The collection channeled that disco energy into structured suiting, bold outerwear and several evening gowns using embellishments and touches of hardware.
“This is one of our most empowering collections, inspired by female icons who paved the way for generations of independent, fearless women,” Sackler explained. “We’re looking forward to fall with a strong sense of optimism.” — Thomas Waller
Kallmeyer
When designer Daniella Kallmeyer isn’t busy creating collections or spending time at her Lower East Side storefront, she enjoys spending time building furniture. For the fall collection, her passions fused into one.
“I went down a deep dive of female architects and furniture makers,” Kallmeyer said during an appointment in her Orchard Street shop. “I was seeing pictures of these artists and got into — maybe it was also the moment that we were all having, this creative exploration with all this time at home — trying to figure out what famous artists looked like when they were in their height of creating.

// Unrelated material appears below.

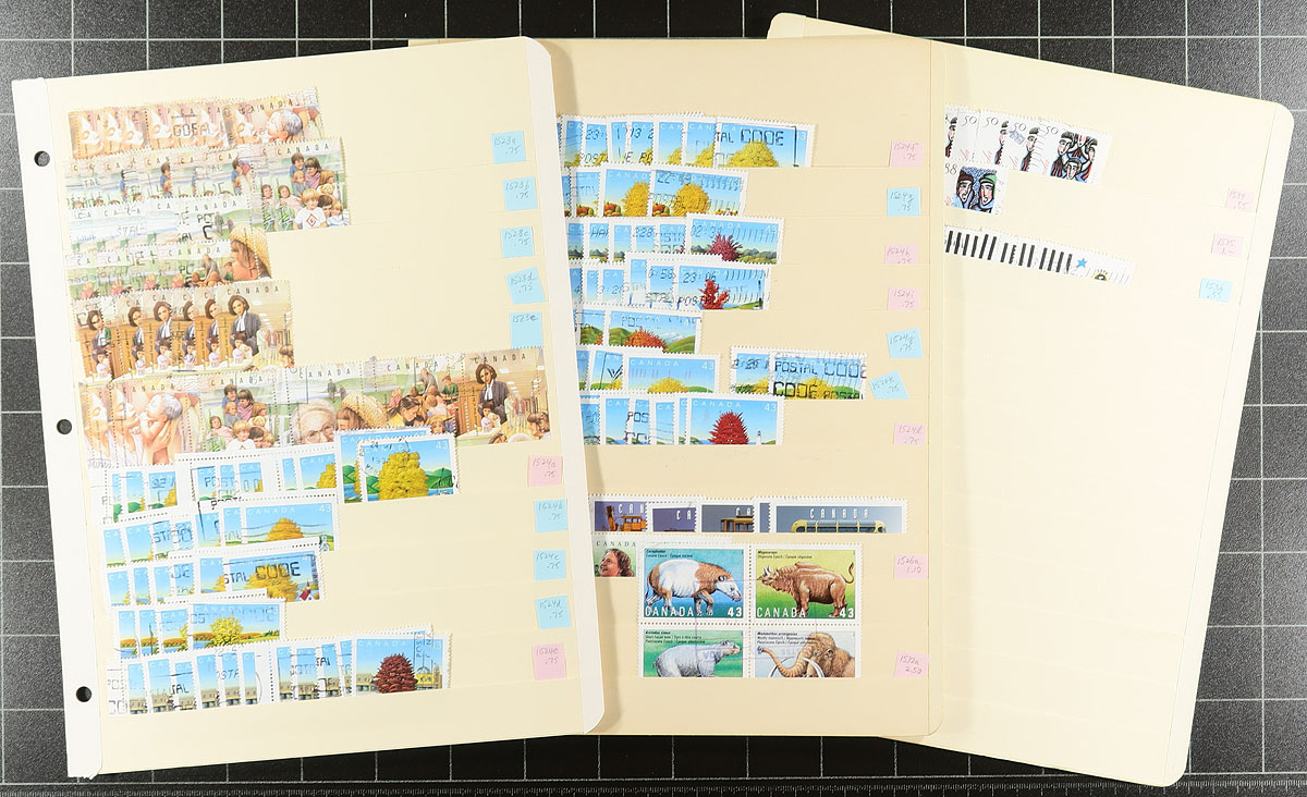 Used extravaganza part 7: Early Queen Elizabeth era up to 1997. A bit thin until the late 1960s, and we noted Expo ’70 (a number of positional pairs and blocks), 6c Xmas ’70 centre block (late usage), Geological, Olympics, $2 Commonwealth Day, Mammals (#1178c x3), Art, etc. Includes about a dozen pages that are just "tagged" stamps, where there were also "untagged" stamps issued, plus some coils (including pairs) and a number of partial to complete booklet panes. 74 manila stockpages in two binders, with at least 4,000 well organized stamps here. Quantities up to a couple of dozen of a type. Condition is pretty good and there should be some nice modern cancels here. Estimate=

“Georgia O’Keeffe — when she was in the desert, what did she wear?” Kallmeyer questioned. These ideas, combined with those of traditional, formal uniform and a bit of a ranch/desert vibe all translated into a fresh collection that embodied the creative uniform.
The look: The modern creative uniform — a little bit of edge mixed with utility and refinement.
Quote of note: ”’What do artists wear in their own space?’ stands out to me particularly,” Kallmeyer said. “When you’re working on a new collection, how does what you wear influence the work that you’re making?“
Key looks: Sleek trousers and skirts comprised of deadstock vegan leather; an understated, sexy, black three-piece suit with vest designed more as a bodice (with longer front and cropped back); wool jackets (made from recycled wool fibers in Italy) with special, hand- stitched or fringe details (also rendered in a dickie and wrap skirt); shirred cotton dresses and tops.
The takeaway: More than ever, the collection displays a robust wardrobe, offering strong, elevated versions of items you’d realistically want to wear every day. — E.M.